The Crown Gall Breakthrough
As the events described in chapters 1 and 2 were unfolding, another avenue to introduce foreign DNA into plants was being discovered: the now classical Agrobactrerium-mediated gene transfer process. Thus, the first unequivocal demonstration that DNA can be transferred to plant cells came in fact from the study of a seemingly mundane plant pathogen, the soil bacterium Agrobacterium tumefaciens.
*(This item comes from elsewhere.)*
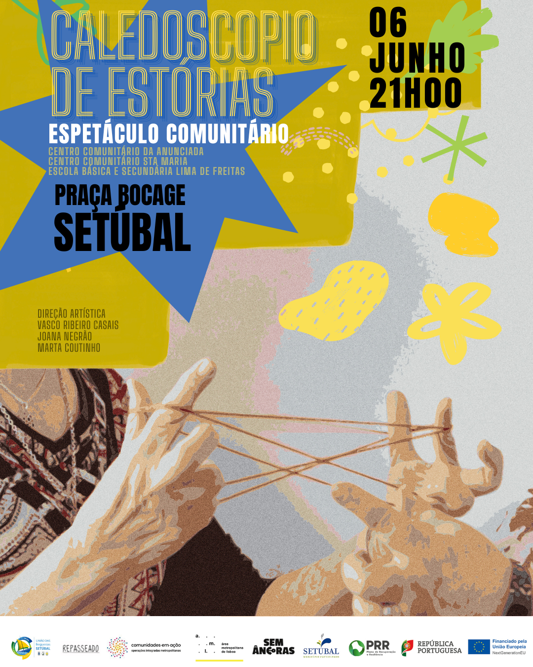 Intitulado “Caleidoscópio de Estórias”, o evento, uma criação de Vasco Ribeiro Casais, Joana Negrão, Marta Coutinho e João Bordeira, com a participação de utentes do Centro Comunitário da Anunciada e Santa Maria, da União das Freguesias de Setúbal, e alunos da Escola Básica e Secundária Lima de Freitas, tem estreia marcada para as 21h00, na Praça de Bocage, com os apoios da Câmara Municipal e da União das Freguesias de Setúbal.

Although fundamentally different from the notion that plants could conceivably be genetically transformed by uptake of isolated DNA, this new gene transfer process gave confidence that DNAmediated transformation might one day become a reality as well. However, the study of Agrobacterium and crown gall was not originally intended to lead to the genetic transformation of plants; this became a goal only after the nature of crown gall disease had been partially understood.
It had been known since the turn of the century that A. tumefaciens was the causative agent of crown gall, a neoplastic disease of dicotyledonous plants, characterized by undifferentiated tumor formation, usually at the site of a wound (fig. 3.1). The work of Armin Braun of Rockefeller University in the 1940s clearly demonstrated that tumor tissue could be propagated in vitro under axenic conditions, meaning that once tumorigenesis has been incited, the causative agents, the bacteria, are no longer needed. Thus, A. tumefaciens is necessary for tumor initiation but not for tumor maintenance and proliferation. These cells are thus permanently [transformed.] Further, crown gall tumors can be propagated on defined culture medium without phytohormones, auxins, and cytokinins, conditions under which normal plant tissue (except habituated tissue, a very rare occurrence) will simply not survive. Also, tumors cannot be forced to redifferentiate into morphologically normal plants through the action of externally added plant hormones. Somehow, they are [stuck] in a permanent undifferentiated or semidifferentiated state.